A good example of the importance of secondary structure is the case of the loop peptide (residues 64 to 80) of hen egg white lysozyme.⁷⁵ This loop in the protein sequence is created by the disulfide linkage between cysteine residues 64 and 80 and has been shown to be a major antigenic determinant for antibodies to lysozyme.⁷⁵ The isolated peptide 60 to 83, containing the loop, binds antibodies with high affinity, but opening of the loop by cleavage of the disulfide bond destroys most of the antigenic activity for antilysozyme antibodies.⁷⁵

At the other end of the range of conformational requirements are those determinants involving residues far apart in the primary sequences that are brought close together on the surface of the native molecule by its folding in three dimensions, called assembled topographic determinants.⁵⁰^,⁵¹ Of six monoclonal antibodies to sperm whale myoglobin studied by Berzofsky et al.,⁴³^,⁷⁶ none bound to any of the three cyanogen bromide (CNBr) cleavage fragments of myoglobin that together span the whole sequence of the molecule. Therefore, these monoclonal antibodies (all with affinities between 2 × 10⁸ and 2 × 10⁹ M^-1) were all highly specific for the native conformation. These were studied by comparing the relative affinities for a series of native myoglobins from different species with known amino acid sequences. This approach allowed the definition of some of the residues involved in binding to three of these antibodies. Two of these three monoclonal antibodies were found to recognize topographic determinants, as defined previously. One recognized a determinant including Glu 4 and Lys 79, which come within about 2 Å of each other to form a salt bridge in the native molecule (see Fig. 23.3A, B). The other antibody recognized a determinant involving Glu 83, Ala 144, and Lys 145 (see Fig. 23.3A). Again, these are far apart in the primary sequence but are brought within 12 Å of each other by the folding of the molecule in its native conformation. Similar examples have been reported for monoclonal antibodies to human myoglobin⁷⁷ and to lysozyme³⁷^,⁵⁸ as well as the HIV-1 envelope protein (neutralizing epitopes)⁷⁸^,⁷⁹ and the prion protein.⁸⁰ Other examples of such conformation-dependent antigenic determinants have been suggested using conventional antisera to such proteins as insulin,⁸¹ hemoglobin,⁸² tobacco mosaic virus,⁸³ and cytochrome c.⁸⁴ Moreover, the crystallographic structures of lysozyme-antibody³⁴^,³⁶^,³⁷ and neuraminidase-antibody³⁵ complexes, as well as HIV-1 envelope antibody complexes,⁷⁸^,⁷⁹ show clearly that, in both cases, the epitope bound is an assembled topographic site.
In the case of the three monoclonal antibodies binding to nonoverlapping sites of lysozyme (Fig. 23.4), it is clear that the footprints of all three antibody-combining sites cover more than one loop of polypeptide chain, and thus, each encompasses an assembled topographic site.³⁷ This result illustrates the concept that most antibody-combining sites must interact with more than a continuous loop of polypeptide chain and thus must define assembled topographic sites.⁴⁸ Another important example is represented by neutralizing antibodies to the HIV envelope protein that similarly bind assembled topographic sites⁸⁵^,⁸⁶ (see the end of this section).

How frequent are antibodies specific for topographic determinants compared to those that bind consecutive sequences when conventional antisera are examined?

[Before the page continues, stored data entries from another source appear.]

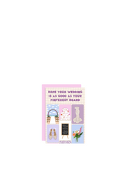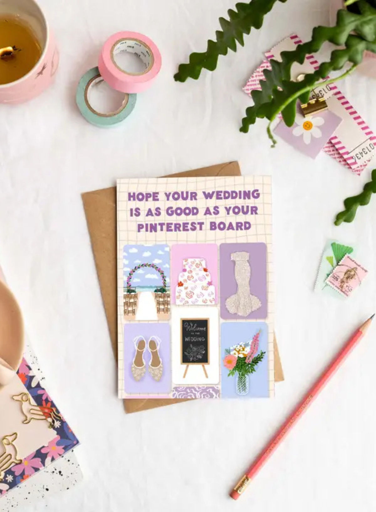 In a cutout-style font, the funny engagement card caption reads “Hope your wedding is as good as your Pinterest board”, a callout for that newly-engaged person who’s been collecting inspo for god knows how long.
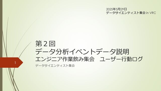 第2回 データ分析イベントデータ説明 エンジニア作業飲み集会 ユーザー行動ログ データサイエンティスト集会 2025年5月29日 データサイエンティスト集会 in VRC 1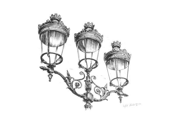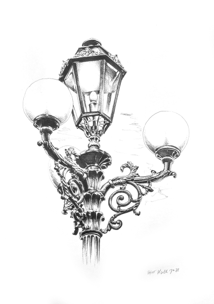 Uliczna latarnia 3 - ołówek na papierze 210g. - 30x42cm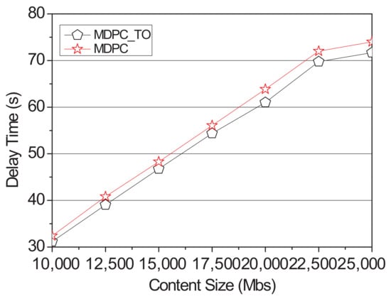 Figure 14 compares the performance differences between the delay time of MDPC and MDPC_TO. Delay time occurs when the cached content is transmitted to the vehicle to which the RSU has sent the request or the content is requested to the adjacent RSU and the content is being transmitted from the adjacent RSU. MDPC_TO has a lower delay time than MDPC because it is optimized where the delay time is minimized for cached contents.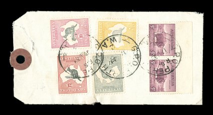 823 c 58 image#58 £2 Grey and rose crimson, fine single, along with 5/-, 10/- and £1 from the same series (as well as a pair of the 5p Sheep), all tied to a registered gold bullion tag from Perth to the United States of America mint in San Francisco, stamps tied by "G.P.O./Perth/WA" 1939 postmarks, some usage wrinkling and vertical crease to tag not affecting stamps, fine; a marvelous and rare franking of a complete "set" of high values one one tag (for £2 alone on tag A$1,500). (Image) Est. 750-1,000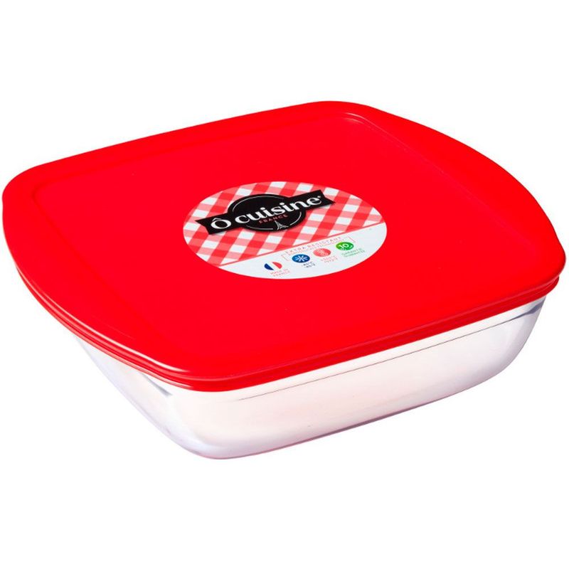 Vas termorezistent cu capac din plastic rosu 25 x 22 x 7 cm, 2.2 L, OCUISINE Vas termorezistent cu capac din plastic rosu 25 x 22 x 7 cm, 2.2 L, OCUISINE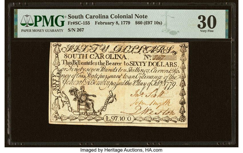Feb 8, 1779 South Carolina $60 PMG VF30 (Fr. SC155)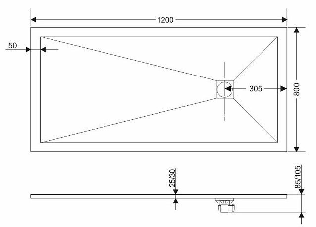 - Размеры поддона: прямоугольный 120 x 80 толщина 2,5 см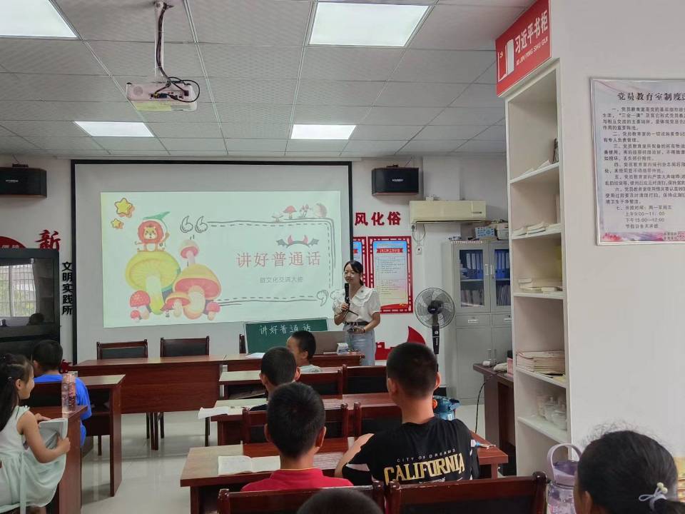 2022年7月8日,在潜山市源潭镇行知学堂开展了“讲好普通话”特色课程,拓展了122cc太阳成集团发挥专业优势在乡镇推广普通话实践活动。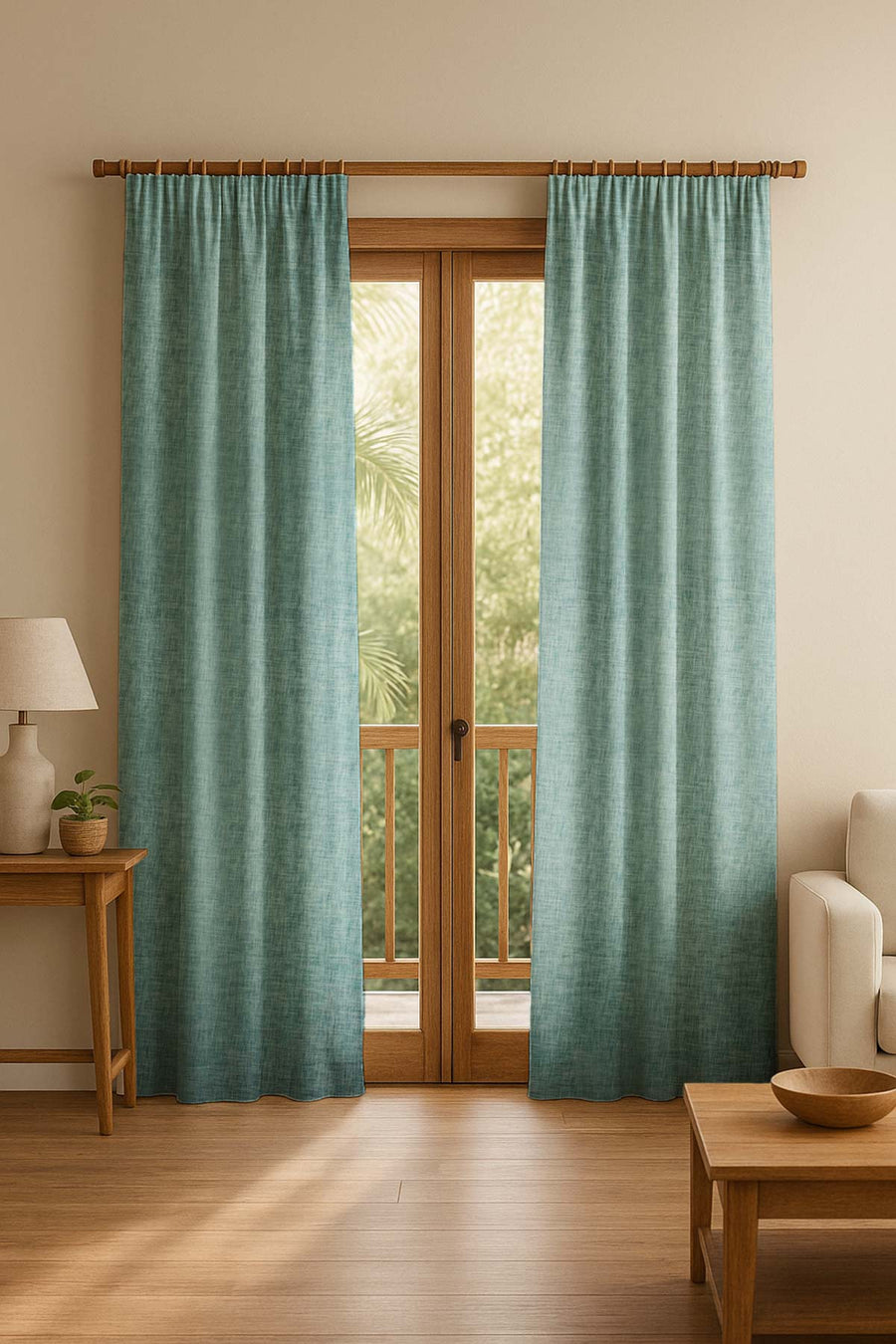 Raffia Turquoise Woven Heavy Fabric And Curtains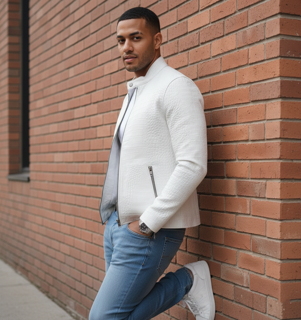 La veste Kevin est conçue pour l’homme qui aime être stylé et attirer l’attention. Les détails en simili-cuir captent le regard, tandis que la couleur blanche met en valeur la qualité de la confection. Parfaite pour ceux qui veulent se démarquer avec élégance et personnalité.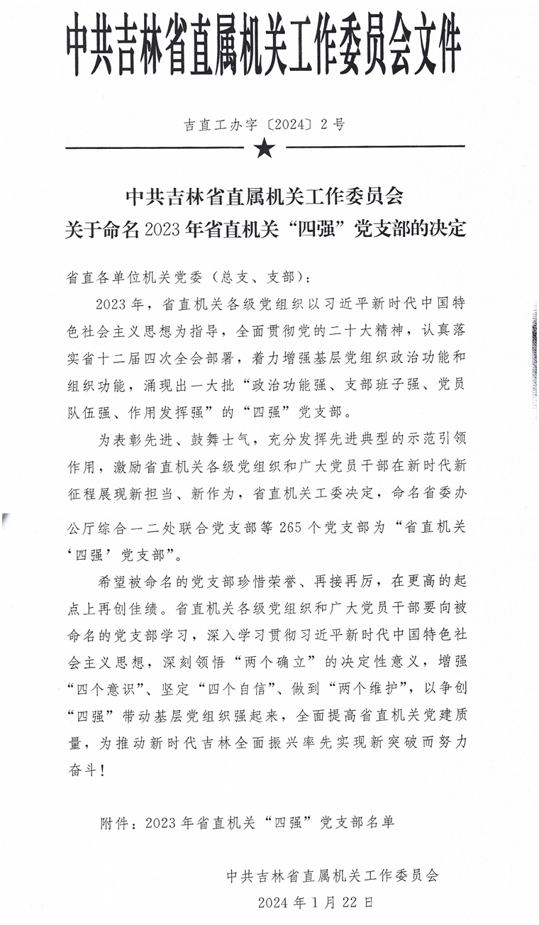 喜報(bào)|大豆第一黨支部獲得“吉林省直機(jī)關(guān)‘四強(qiáng)’黨支部”榮譽(yù)稱號(hào)

This question was studied by Lando et al.,⁸⁷ who passed goat, sheep, and rabbit antisera to sperm whale myoglobin over columns of myoglobin fragments, together spanning the whole sequence. After removal of all antibodies binding to the fragments, 30% to 40% of the antibodies remained that still bound to the native myoglobin molecule with high affinity but did not bind to any of the fragments in solution by radioimmunoassay. Thus, in four of four antimyoglobin sera tested, 60% to 70% of the antibodies could bind peptides, and 30% to 40% could bind only native-conformation intact protein.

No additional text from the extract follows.